PROBLEM >>
Wherever an image appears in the data, omit it and copy all the remaining text word for word.
----- DATA SHOWN -----
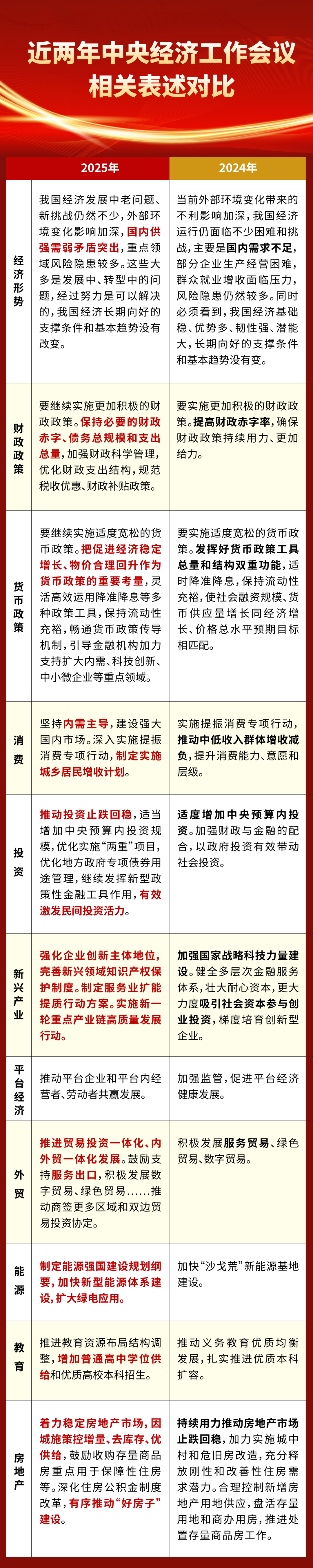 对比近十年来中央经济工作会议相关表述,《每日经济新闻》记者(以下简称“每经记者”)发现,与以往强调规律性认识不同,本次会议首次提出:“必须充分挖掘经济潜能,必须坚持政策支持和改革创新并举,必须做到既‘放得活’又‘管得好’,必须坚持投资于物和投资于人紧密结合,必须以苦练内功来应对外部挑战。”
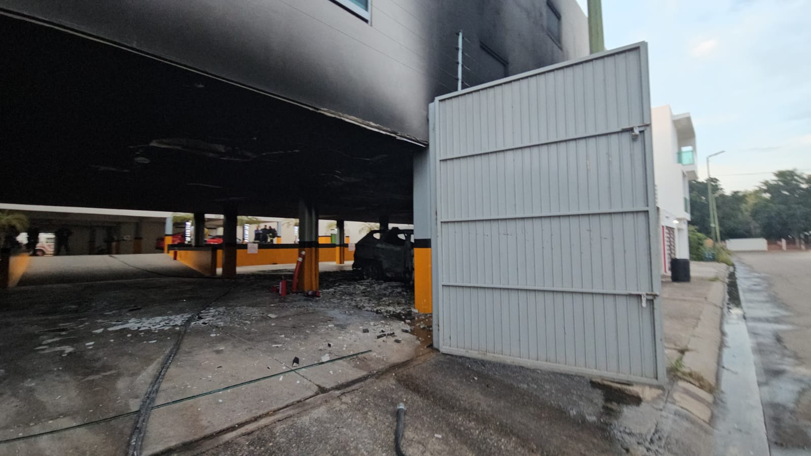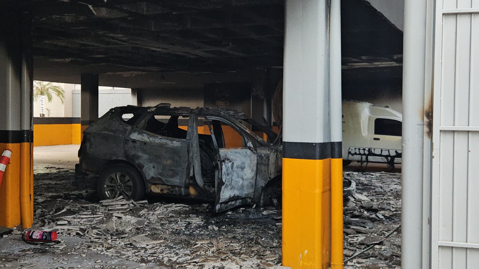 El calor generado por el incendio afectó también a una camioneta blanca de utilería, propiedad del hotel, que se encontraba estacionada a pocos metros del vehículo siniestrado. Además, se reportaron daños materiales en la infraestructura del inmueble, incluyendo el falso plafón y parte del tendido eléctrico.
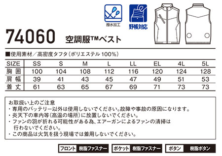 自重堂の作業服(春・夏)空調服 74060/空調服TMベスト
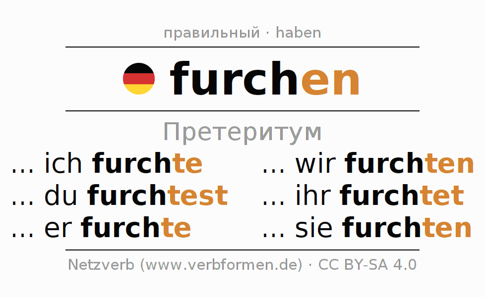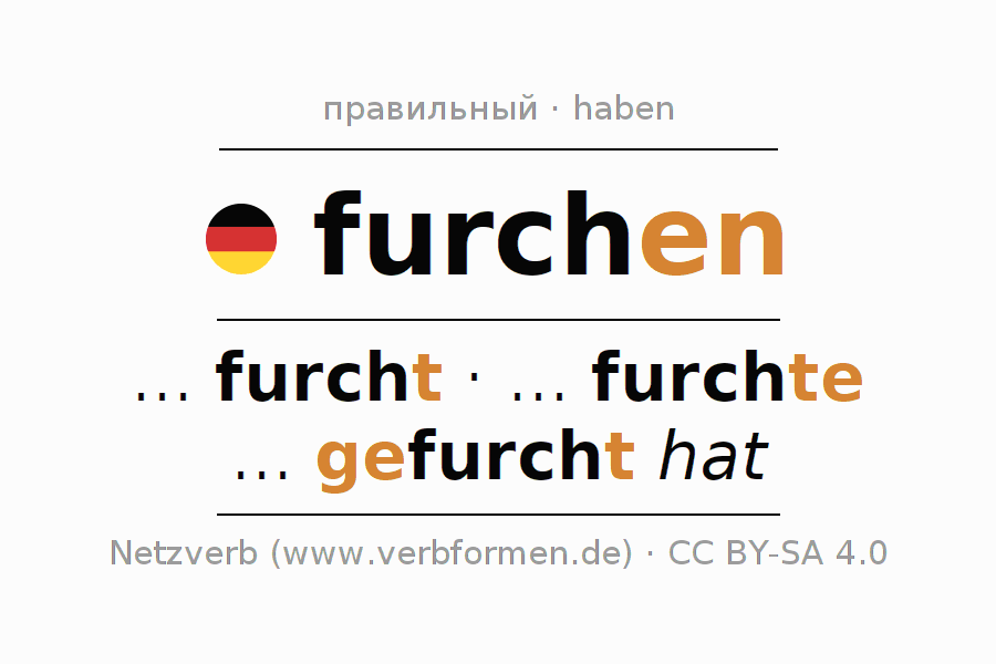 Спряжение furchen в Претеритум Индикатив Прошлое время Действительный залог (актив): ... ich furchte, ... du furchtest, ... er furchte, ... wir furchten, ... ihr furchtet, ... sie furchten.Образование этих форм происходит по определённым грамматическим правилам. Так же спрягаются простые глагольные формы furchen в Претеритум. Kомментарии ☆
-----
REPLY >>
 对比近十年来中央经济工作会议相关表述,《每日经济新闻》记者(以下简称“每经记者”)发现,与以往强调规律性认识不同,本次会议首次提出:“必须充分挖掘经济潜能,必须坚持政策支持和改革创新并举,必须做到既‘放得活’又‘管得好’,必须坚持投资于物和投资于人紧密结合,必须以苦练内功来应对外部挑战。”
 El calor generado por el incendio afectó también a una camioneta blanca de utilería, propiedad del hotel, que se encontraba estacionada a pocos metros del vehículo siniestrado. Además, se reportaron daños materiales en la infraestructura del inmueble, incluyendo el falso plafón y parte del tendido eléctrico.
 自重堂の作業服(春・夏)空調服 74060/空調服TMベスト
 Спряжение furchen в Претеритум Индикатив Прошлое время Действительный залог (актив): ... ich furchte, ... du furchtest, ... er furchte, ... wir furchten, ... ihr furchtet, ... sie furchten.Образование этих форм происходит по определённым грамматическим правилам. Так же спрягаются простые глагольные формы furchen в Претеритум. Kомментарии ☆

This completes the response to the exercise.